Microbiology 1995, 141:1691–1705.PubMedCrossRef 66. Figurski DH, Helinski DR: Replication of an origin-containing derivative buy PR-171 of plasmid RK2 dependent on a plasmid function provided in trans . Proc Natl Acad Sci USA 1979,76(4):1648–1652.PubMedCrossRef 67. Ojangu EL, Tover A, Teras R, Kivisaar M: Effects of combination of different -10 hexamers and downstream sequences on stationary-phase-specific sigma factor sigma(S)-dependent transcription in Pseudomonas
putida . J Bacteriol 2000,182(23):6707–6713.PubMedCrossRef 68. Koch B, Jensen LE, Nybroe O: A panel of Tn 7 -based vectors for insertion of the gfp marker gene or for delivery of cloned DNA into Gram-negative bacteria at a neutral chromosomal site. J Microbiol Methods 2001,45(3):187–195.PubMedCrossRef Authors’ contributions MP and RH prepared design of experimental work. MP carried out transposon mutagenesis screen and participated in OMP analysis. AA purified OMPs and did OMP find protocol pattern analysis. HI constructed mutant strains and contributed enzyme assays. RH performed lysis assays, coordinated experimental work and wrote the manuscript. All authors participated in manuscript editing and approved the final manuscript.”

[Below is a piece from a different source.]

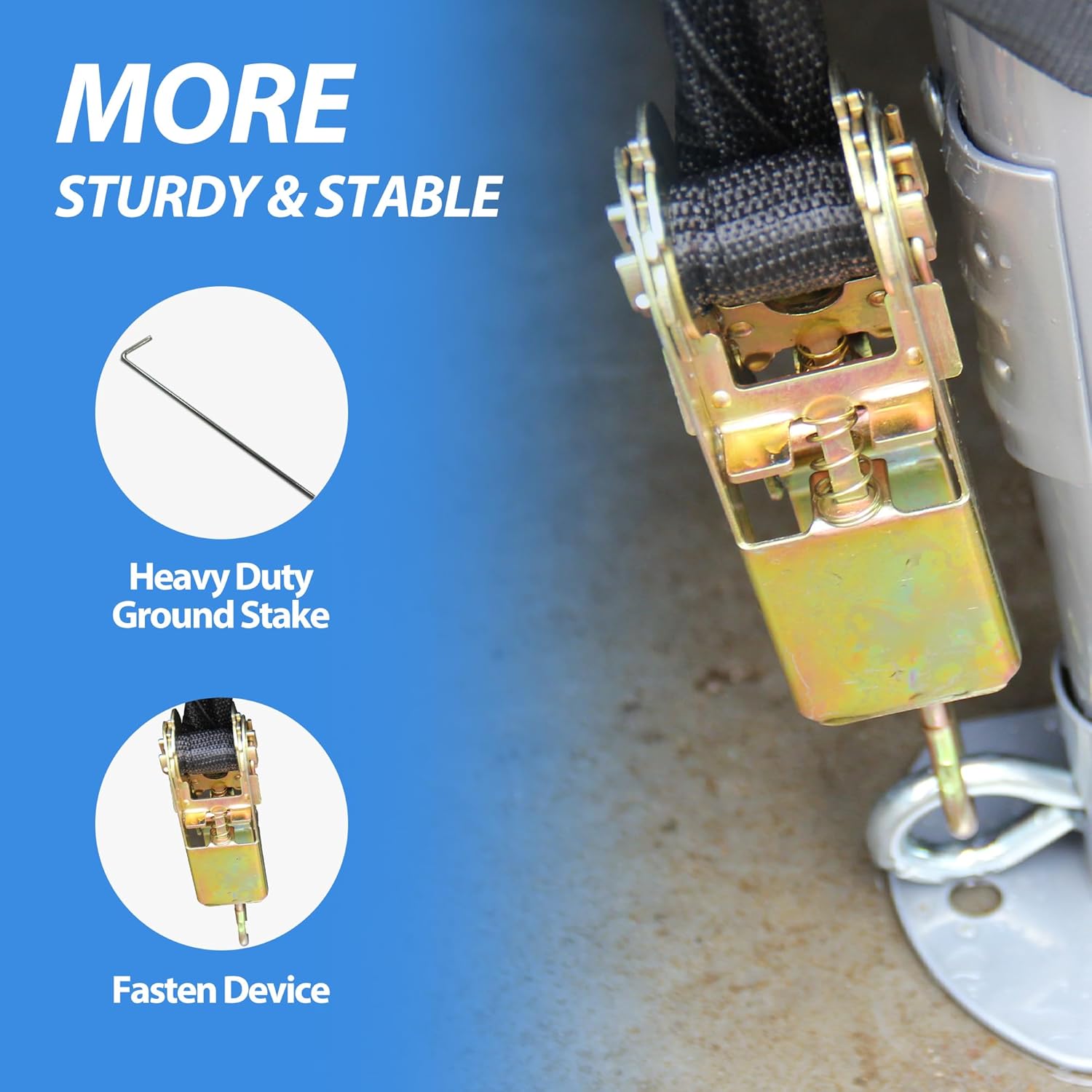 - ❗For long term use and safety, please make sure to use rope, ground anchors for stability.If you want to place it on the grass for a long time, you need to pour cement around the legs and fix it with expansion screws to ensure stability. (Expansion screws need to be purchased by yourself. )

“Background Sirodesmin PL is the major phytotoxin produced by Selleck OSI-906 the
plant pathogen Leptosphaeria maculans (Desm.), the causal agent of blackleg disease of Brassica napus (canola). Sirodesmin PL has antibacterial
and antiviral properties [1] and is essential for full virulence of L. maculans on stems of B. napus [2]. This toxin is an epipolythiodioxopiperazine (ETP), a class of secondary metabolites characterised by the presence of a highly reactive disulphide-bridged dioxopiperazine ring synthesised from two amino acids (for review see [3]). The first committed step in the sirodesmin biosynthetic pathway is prenylation of tyrosine [4, 5]. As for other fungal secondary metabolites, the genes for the biosynthesis of sirodesmin PL are clustered. The sirodesmin cluster contains 18 genes that are co-ordinately regulated with timing consistent with sirodesmin PL production. Disruption of one of see more these genes, sirP, which encodes a peptide synthetase, results in an isolate unable to produce sirodesmin PL [6]. Based on comparative genomics, the cluster of genes in Aspergillus fumigatus responsible for the biosynthesis of another ETP, gliotoxin, was then predicted. The pattern of expression of the clustered homologs was consistent with gliotoxin production [7]. The identity of this gene cluster was confirmed via the disruption of peptide synthetase, gliP whereby the resultant mutant was unable to make gliotoxin [8, 9]. These ETP gene clusters also encode a Zn(II)2Cys6 transcription factor, namely SirZ for sirodesmin, and GliZ for gliotoxin [7].